"Life-saving medicine" brought out the catalog, why does inclusive insurance become commercial insurance?

  Feng Haining

  Yueyue in Suzhou, Jiangsu Province suffers from a rare disease called "Mucosaccharidosis Type (MPSⅡ, also known as Hunter Syndrome)". The specific drug for this disease is Haris. It was approved in China in September 2020. It was listed and was included in the Suhuibao protection catalog in March 2021.

Just as the patient’s family thought they saw hope, they discovered that the 2022 version of Su Huibao, which went on sale in October this year, had brought Hai Ruisi out of the catalog, "like a roller coaster ride."

  Suhuibao is a kind of inclusive supplementary commercial medical insurance (referred to as inclusive insurance). The name is slightly different in different places. It is called "Jinghuibao" in Beijing and "Sui Suikang" in Guangzhou.

Due to the advantages of low insurance threshold, low price, high reimbursement ratio, unlimited age, unlimited household registration, unlimited medical history, etc., inclusive insurance has been favored by the public once it was launched.

However, Su Huibao was questioned because he brought out the list of "life-saving medicine" for patients with rare diseases.

  In response, the local medical insurance hotline responded that Su Huibao is a commercial insurance, which is subject to the policy of the insurance company.
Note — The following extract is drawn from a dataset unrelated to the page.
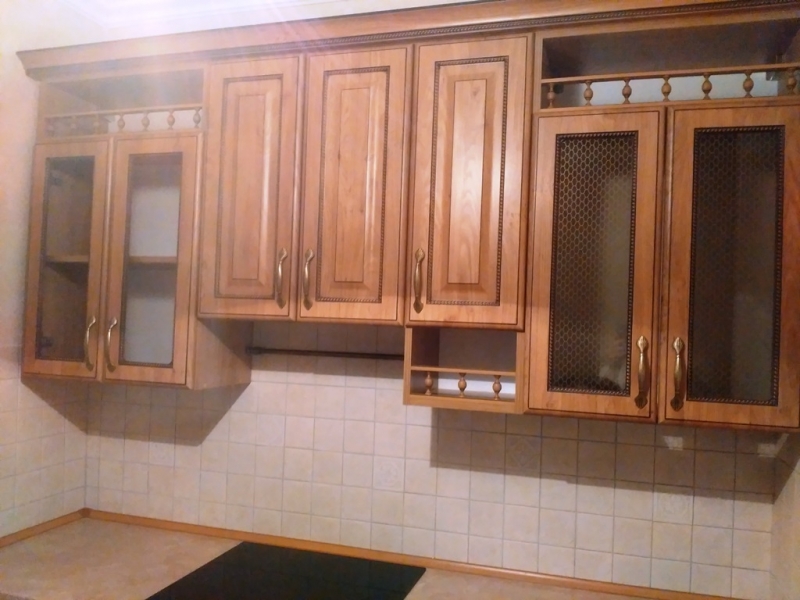 Кухня под заказ из массива Ясеня. Декоративные элементы - решетка, витражи, багет. Столешница и скинали - постформинг. Фурнитура Hettich.
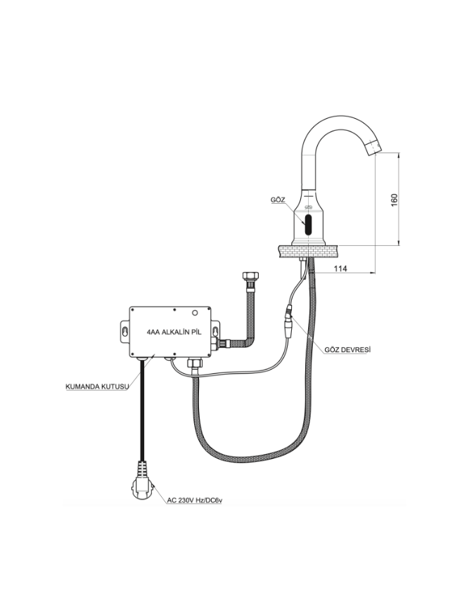 • AC ve DC desteği, AC kapatıldığında DC otomatik devreye girer. (AC 230V Hz / DC 6V)(4-AA Alkalin Pil)

The adjustment of the drug catalogue is a company action.

The insurer said that there is little hope of including Hi-Res in the 2022 Suhui Insurance.

It is possible that not many people use this medicine, or it has been replaced by other medicines.

According to incomplete statistics, only 4 people in Suzhou suffer from MPSⅡ.

  Due to the limited coverage of inclusive insurance and the limited types of drugs included in the catalog, it is not surprising that HiRes, which has few users, was removed from the protection catalog.

If not, it may affect the entry of drugs with a large amount of use into the catalog, thereby affecting the universality of the insurance.

At the same time, the insurance has commercial attributes, and drugs with fewer users occupy the catalog, which will affect the performance of the underwriting company.

From the perspectives of inclusiveness and commerciality, it is understandable that the drug has been brought out of the catalog.

  However, looking at it from another angle, there is something wrong with insurance companies bringing out "life-saving drugs" from the catalog.

First of all, the catalog adjustment has not been fully considered.

It is necessary to fully investigate and demonstrate before transferring, and appropriate buffering is required before transferring, so that the patient cannot be overjoyed and unable to adapt.

Secondly, as universal insurance is undoubtedly different from pure commercial insurance, insurance companies cannot be profiteering.

Moreover, one of the characteristics of insurance is mutual assistance, and it is impossible for every policy to make money.

  If inclusive insurance underwriters only value commercial returns, then inclusive insurance will tend to "commercial insurance."

Of course, when we discuss this kind of universal insurance, we also need to see how strong the local government supports universal insurance.

If the local government only provides guidance, without taxation, financial support, etc., the insurer will have complete autonomous decision-making power.

But if the government provides tangible support, the insurer cannot decide whether to enter or exit drugs at will.

  Although many patients with rare diseases belong to a niche group, they are "very few" in terms of numbers relative to patients with common diseases, but they should also receive corresponding welfare guarantees.

On the one hand, we must strive to include more specific drugs for the treatment of rare diseases into medical insurance.

In recent years, more and more drugs for rare diseases have been included in medical insurance, which is a welcome progress, but we must continue to work hard.

On the other hand, inclusive insurance in various regions should also be used as a benefit for patients with rare diseases to reduce their burden on the basis of medical insurance.

  In the next step, whether localities can use pragmatic policy support measures to encourage insurers to include more rare-disease drugs in the general insurance coverage list and ensure the continuity of certain specific drugs is worthy of discussion.

Once government support increases, it is clear that the right to speak for inclusive insurance will increase.

In addition, can a special policy be issued for the protection of drugs for patients with rare diseases?

It is estimated that there are about 20 million people affected by rare diseases in my country, and this group should receive corresponding attention and care.